Well, you asked about detecting CPUs supporting RAPL.

Now you're asking about different RAPL "subfunctionality" or whatever.

You could do the synthetic flag for feature detection because apparently giving
it a CPUID flag is soo expensive (/sarcastic eyeroll) and then you can pick
apart subfeatures in the RAPL code and do flags there, away from the x86 arch
code because no one should see that.

Thx.
  
Ingo Molnar Jan. 6, 2023, 10:56 a.m. UTC | #7
* Borislav Petkov <bp@alien8.de> wrote:

> On Fri, Jan 06, 2023 at 06:05:41AM +0000, Zhang, Rui wrote:
> > But I still have a question.
> > Take RAPL feature for example, the feature is not architectural,
> > although 80% of the platforms may follow the same behavior, but there
> > are still cases that behave differently. And so far, there are 8
> > different behaviors based on different models.
> > 
> > In this case, can we have several different flags for the RAPL feature
> > and make the RAPL driver probe on different RAPL flags? Or else, a
> > model list is still needed.
> 
> Well, you asked about detecting CPUs supporting RAPL.
> 
> Now you're asking about different RAPL "subfunctionality" or whatever.
> 
> You could do the synthetic flag for feature detection because apparently 
> giving it a CPUID flag is soo expensive (/sarcastic eyeroll) and then you 
> can pick apart subfeatures in the RAPL code and do flags there, away from 
> the x86 arch code because no one should see that.

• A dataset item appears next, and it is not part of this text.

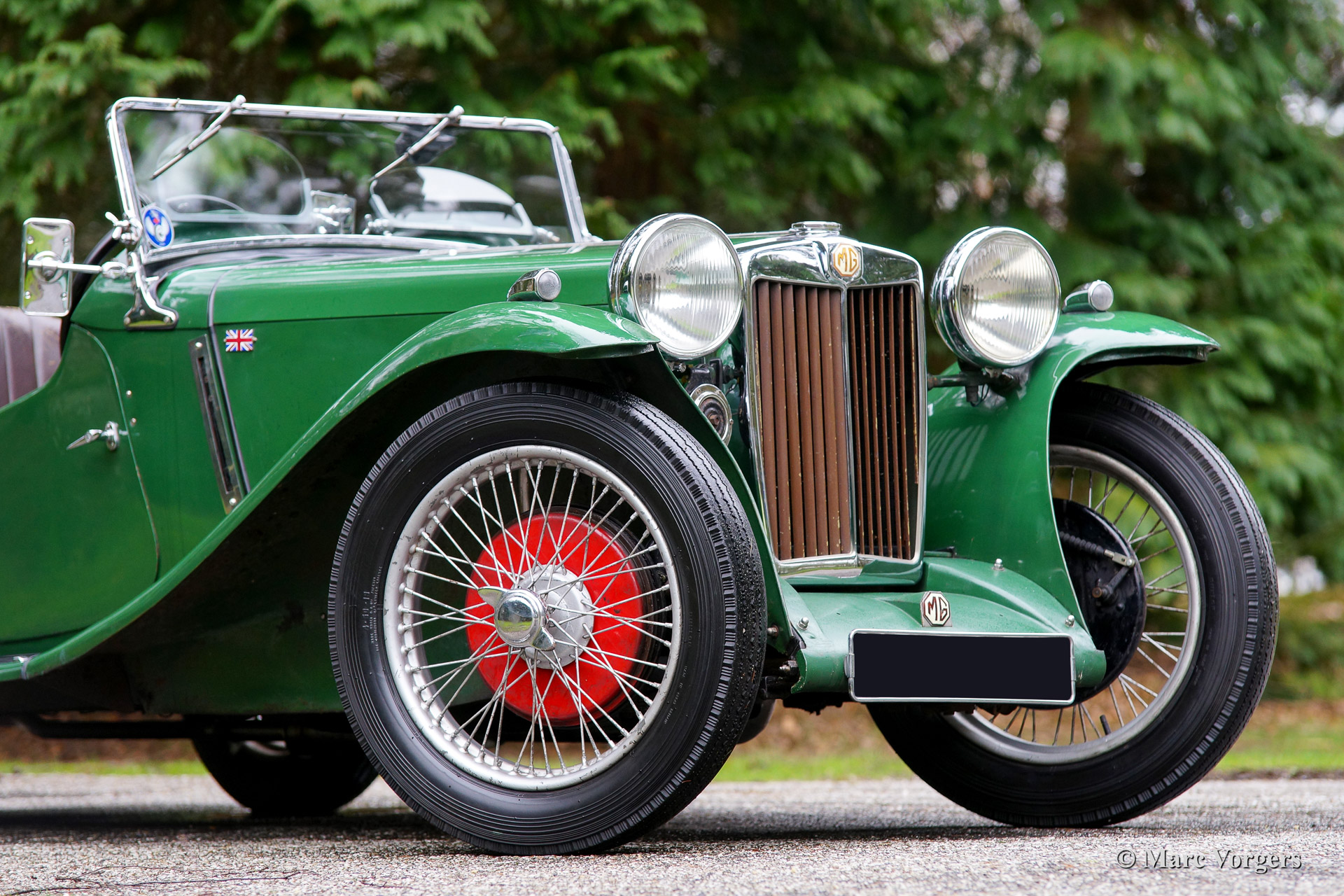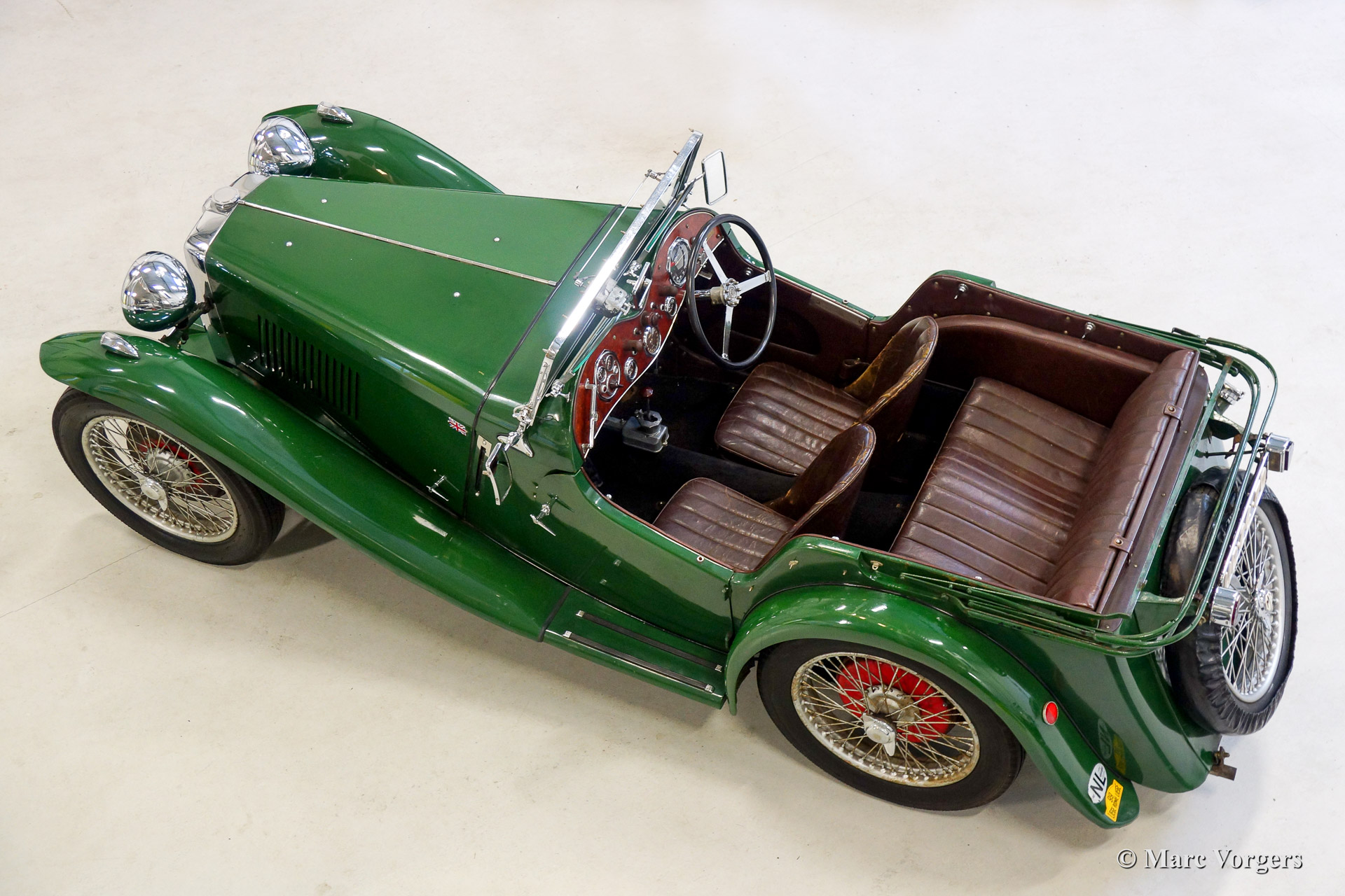 MG PB 'four seater', bouwjaar 1935. Kleur groen met een bruin lederen interieur en zwart tapijt. Zilver gelakte spaakwielen en rood gelakte trommelremmen. Deze zeldzame MG PD 'open four seater' werd nieuw geleverd in Nederland. De automobiel werd in de jaren 1970 gerestaureerd. Alle originele delen werden onderhanden genomen, gereinigd en waar nodig gereviseerd. De carrosserie werd nieuw gespoten met originele celluloselak. Nu 44 jaar later is de auto nog altijd in goede originele staat. Een geweldige tijdmachine met een geweldig patina. De voorgaande eigenaren zijn bekend evenals de historie. De auto nam in 1995 deel aan de 'LeJog', in 1996 aan de 'Scottish Six Day Trials', in 1999 aan de 'Liege-Rome-Liege' en aan diverse evenementen in Nederland. Er werden slechts 526 MG PB's gebouwd van welke een derde deel uitgerust was met een 'open four seater' carrosserie.

It's a trade-off in any case: there's a point where quirk flags or even 
feature flags become harder to read and harder to maintain than cleanly 
separated per model driver functions.

Especially if internally at Intel RAPL functionality is not yet treated as 
an 'architected' feature, and new aspects are added in a less disciplined 
fashion ...

Sometimes the addition of an 'architected' CPU feature iterates the 
feature-set non-trivially - as people consider it a last-minute chance to 
get in their favorite features without having to deal with backwards 
compatibility ...

So I'm somewhat pessimistically leaning towards the current status quo of 
per model enumeration. Would be glad to be proven wrong too. :-)

Thanks,

	Ingo
  
Borislav Petkov Jan. 6, 2023, 11:11 a.m. UTC | #8
On Fri, Jan 06, 2023 at 11:56:18AM +0100, Ingo Molnar wrote:
> It's a trade-off in any case: there's a point where quirk flags or even 
> feature flags become harder to read and harder to maintain than cleanly 
> separated per model driver functions.

Yeah, no, singular: a synthetic feature *flag*: X86_FEATURE_RAPL.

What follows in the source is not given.